I searched the first $million$ primes $p$. The complete table of record $P(n)$ with at least $14$ consecutive $n$ in the range $n = -5 \to 60\,$ yielding primes are in the table below.

$$\begin{array}{|c|c|c|c|} \hline \text{#} & P(n)=an^2+bn+c & d = b^2-4ac & h(d) & Prime\; range\; n &Total\,(T)\\ 1& 4n^2-2n+41 &\color{red}{-163} & 1&-19 \to 20& 40\\ 2& 4n^2-2n+3527 &\color{blue}{-14107} & 11&-2 \to 20& 23\\ 3& 4n^2+2n+21377 &\color{red}{-85507} & 22&47 \to 64& 18\\ 4& 4n^2-2n+9281 &\color{red}{-37123} & 17& 0 \to 16& 17\\ 5& 4n^2-2n+17 &\color{blue}{-67} & 1&-7 \to 8&16\\ 6& 4n^2+2n+41201&\color{red}{-164803} & 32& 52 \to 66& 15\\ 7& 4n^2+2n+12821&-51283& 21& 8 \to 21& 14\\ 8& 4n^2-2n+3461 &\color{red}{-13843} & 10&34 \to 47&14\\ 9& 4n^2-2n+1277 &\color{blue}{-5107} & 7&19 \to 32&14\\ \hline \end{array}$$

If the discriminant $d$ in red, then it the largest $|d|$ of a class number $h(d)$. If it is in blue, then is one of the $3$ largest $|d|$ of that class.

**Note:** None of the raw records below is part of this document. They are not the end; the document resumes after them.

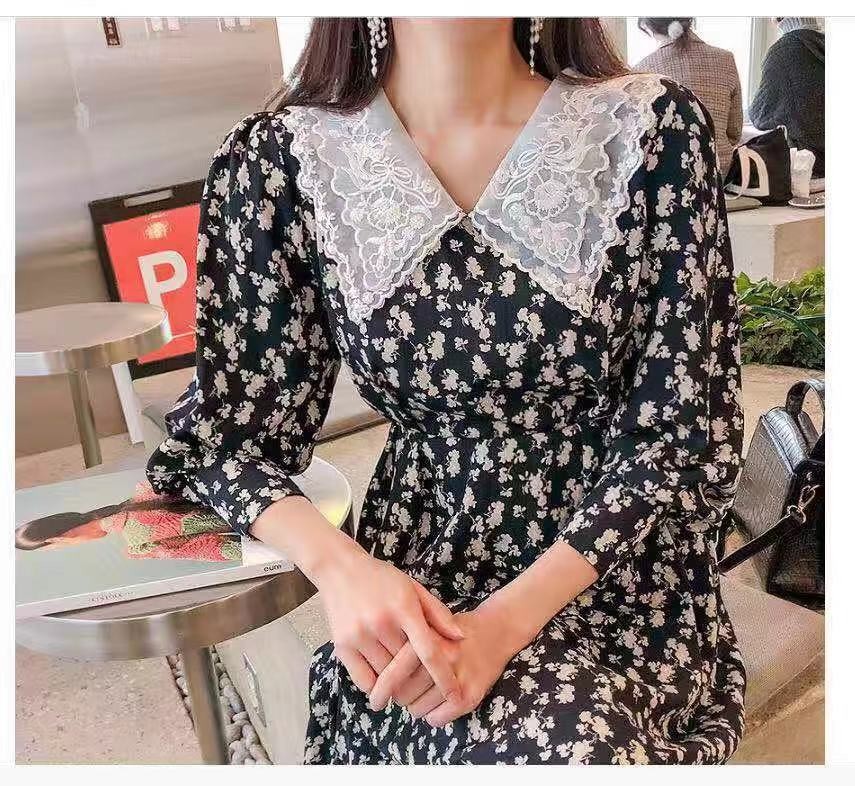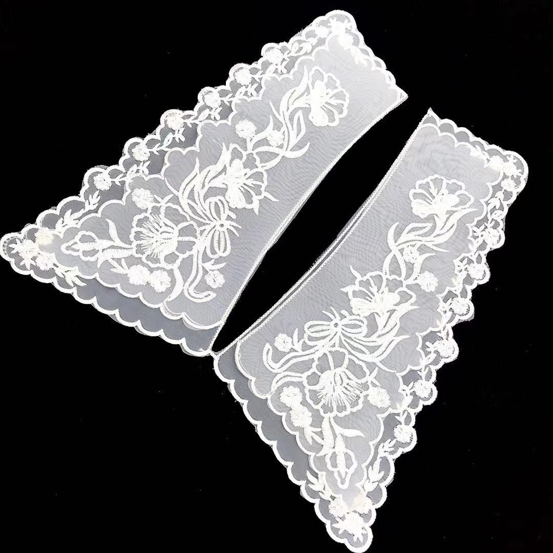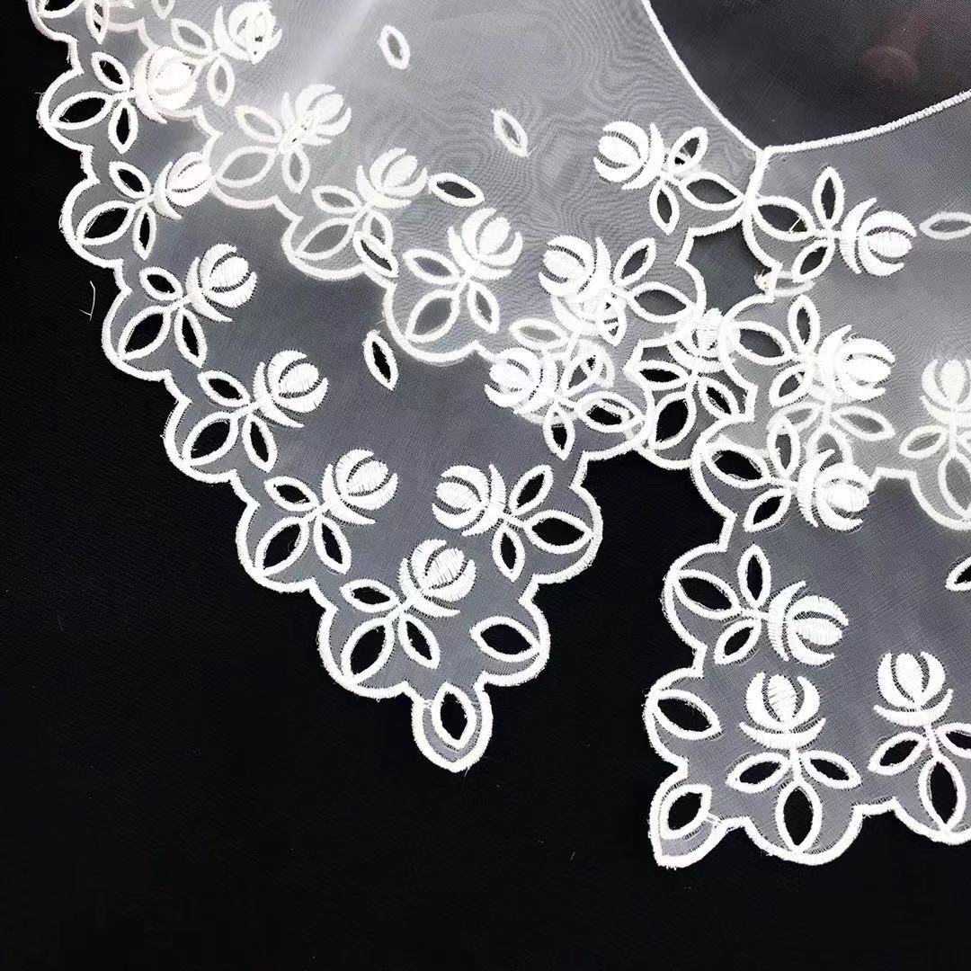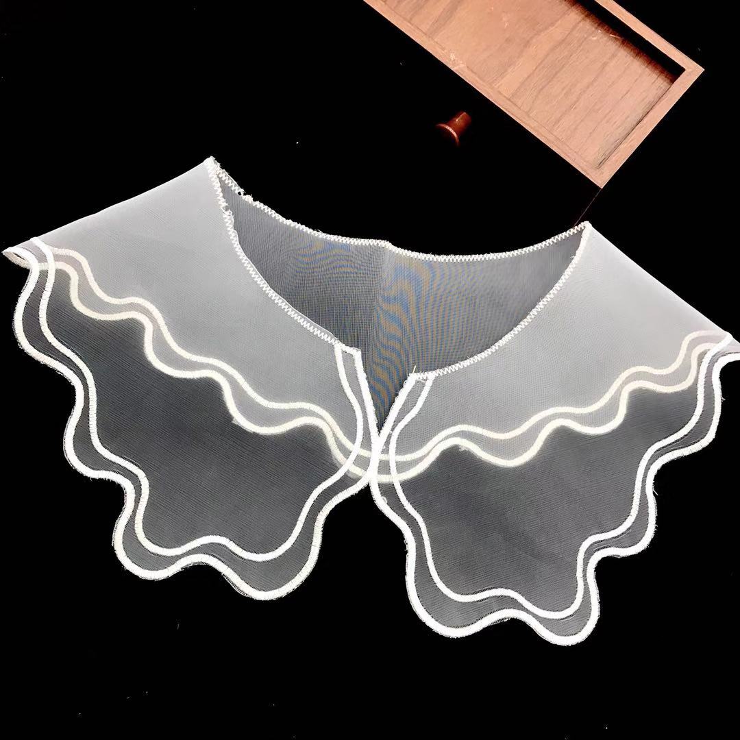 Lace Embroidered Double Collar Cuff Women's Korean Dress Chiffon Shirt Princess Fan Collar Flower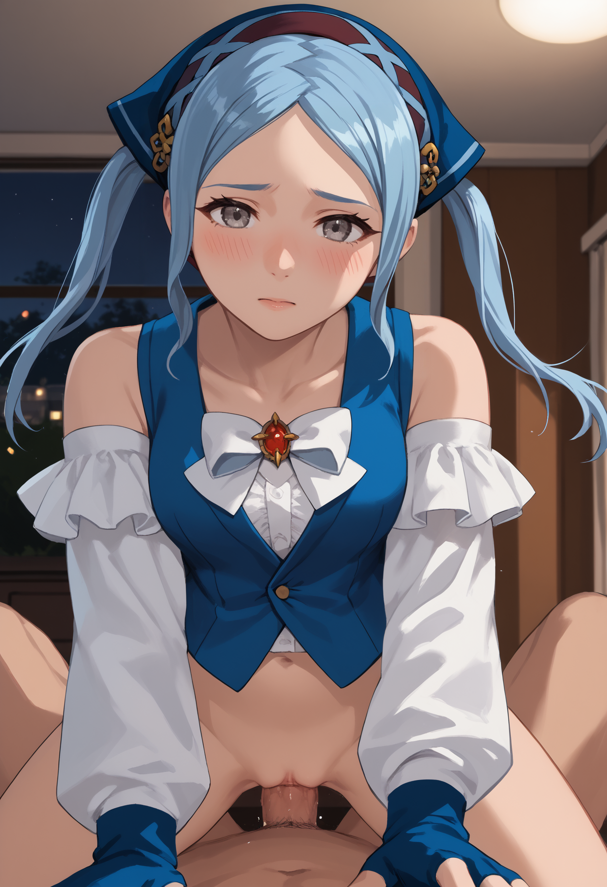 flrpcnc, 회색 눈, 파란 머리, 긴 머리, 트윈테일, 반다나, 가슴, 흰 리본, 흰색 조끼, 분리형 소매, 긴 소매, 흰색 소매, 어깨 노출, 손가락 없는 장갑, 파란 장갑, 벨트, 파란 반바지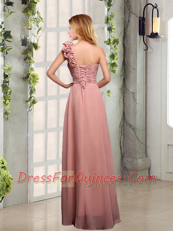 Empire Ruching One Shoulder Dama Dresses with Hand Made Flowers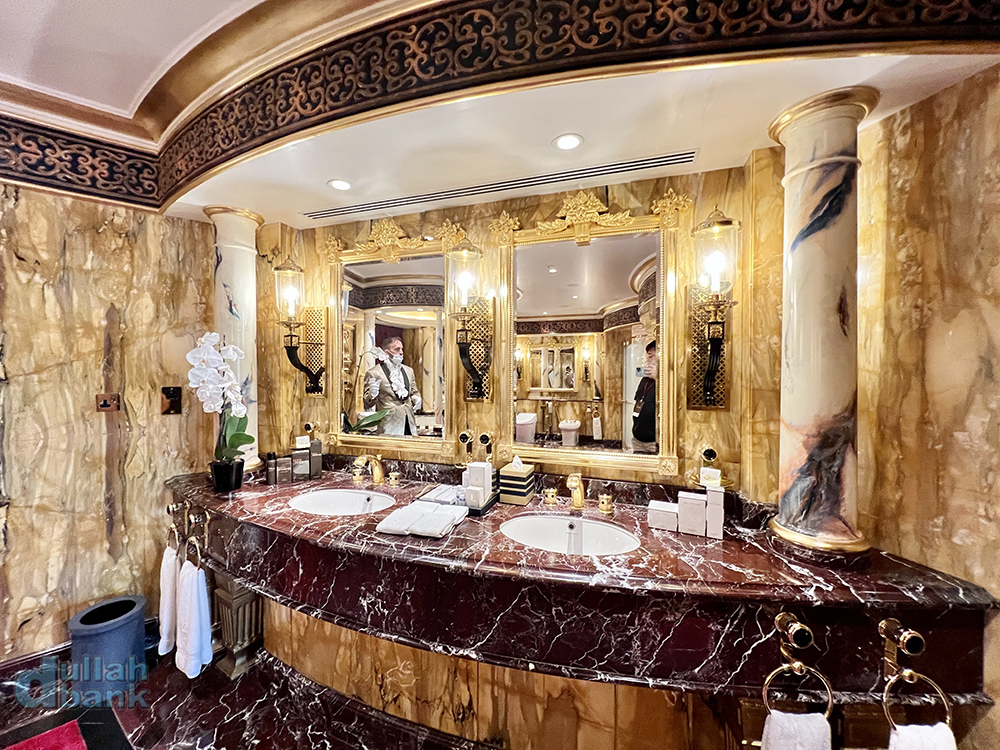 퀸스 베드룸이라고 불리는 방 답게 세면대 옆에 전용 화장대가 있습니다. 이 공간을 대리석으로 심리스하게 설계하는데만 6개월이 걸렸다고 하네요.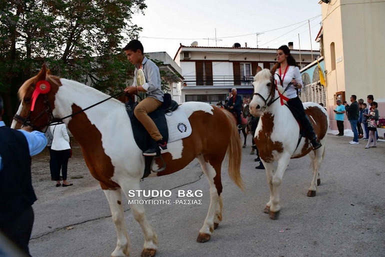 Η πομπή ξεκίνησε από την εκκλησία του χωριού όπου τελείται εσπερινός και ύστερα έφιπποι, γυναίκες και άνδρες πήραν την εικόνα από τον Ιερέα π. Μιχαήλ Καλαμαρά και την περιέφεραν στο χωριό.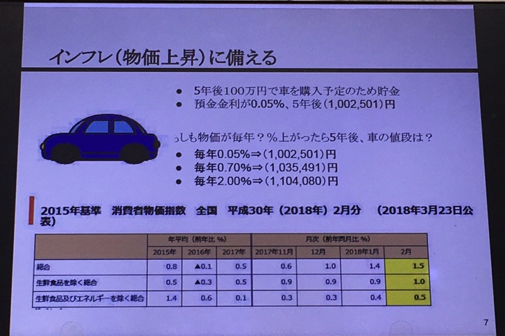 今後急速にインフレが進む可能性がある。2017年後半から急激に物価が上がっている。直近は1.5%程度上がっており、お金の価値がどんどん下がっている。物価上昇率よりは利回りの高い運用をしないと貯蓄の現金資産の価値はどんどん減っていく。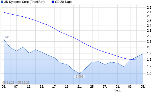 Mit dem Anstieg auf 1,84 EUR hat die 3D Systems-Aktie am 04.12.2025 die 20-Tage-Linie nach oben gekreuzt.Die 3D Systems-Aktie befindet sich seit dem 05.11.2025 im langfristigen Abwärtstrend ...weiterlesen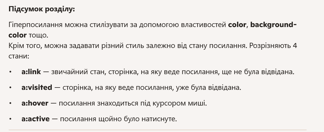 Налаштуйте у вашому файлі mystyle.css стиль для різних можливих станів ваших гіперпосилань.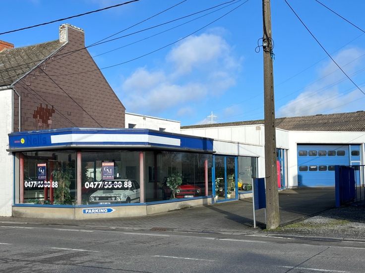 Garage avec Showroom : +/- 980 m² comprenant le showroom, la réception, les bureaux, deux ateliers mécaniques, un entrepôt avec cabine de peinture, un magasin, et une annexe ;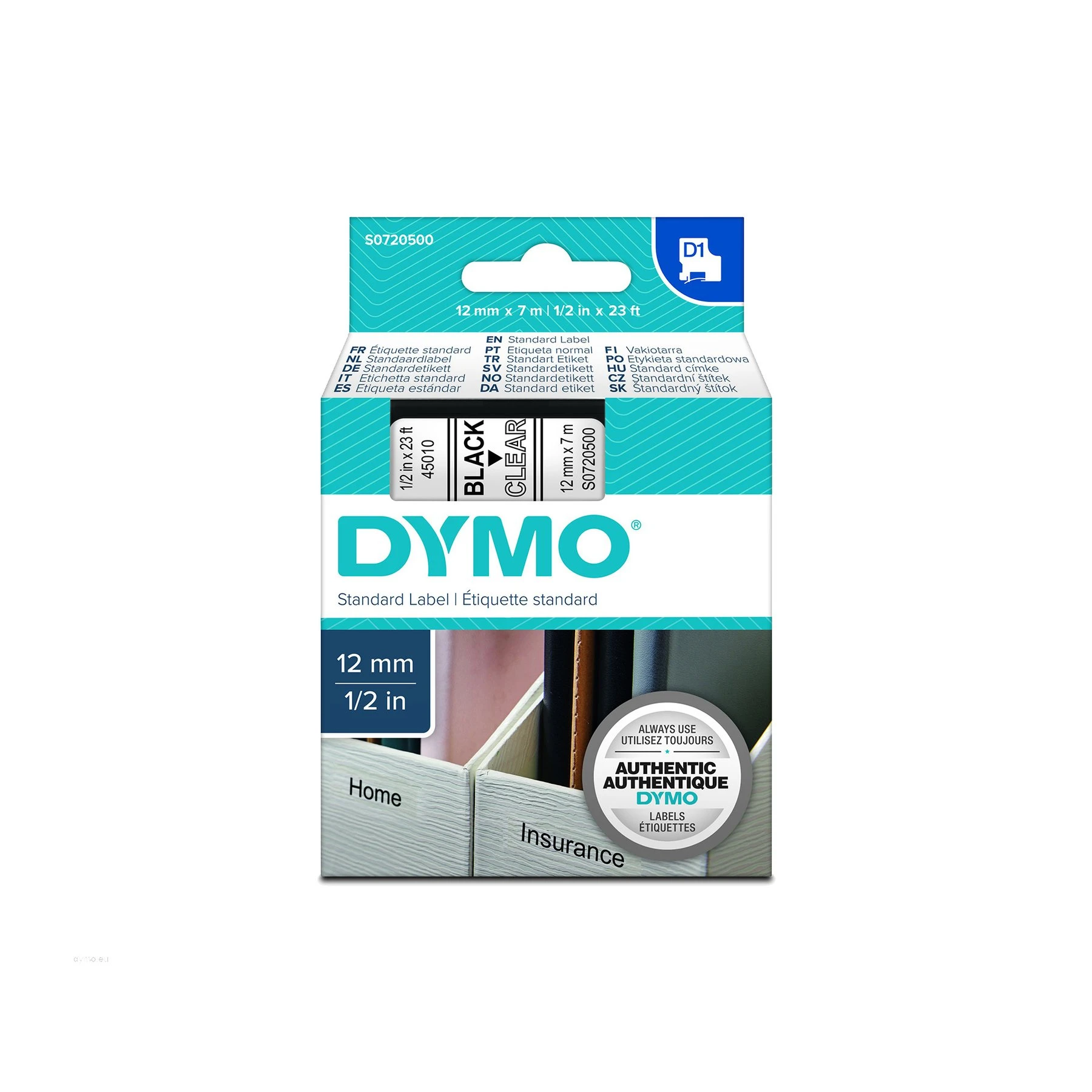 Dymo Лента 45010, 12 x 7 m, черни букви/прозрачен фон

For example, using #3, if you have an Ulam spiral with center $c=21377$, then in its main diagonal there are $18$ primes in a row. It involves $d = -85507$ which is the largest $|d|$ with $h(d) = 22$.

P.S. Considering that the millionth prime is $p(10^6) = 15485863$, it seems odd there are no large $p$ found within the search radius. However, I only searched $n = -5\to 60$, so another choice of range might yield other $P(n)$.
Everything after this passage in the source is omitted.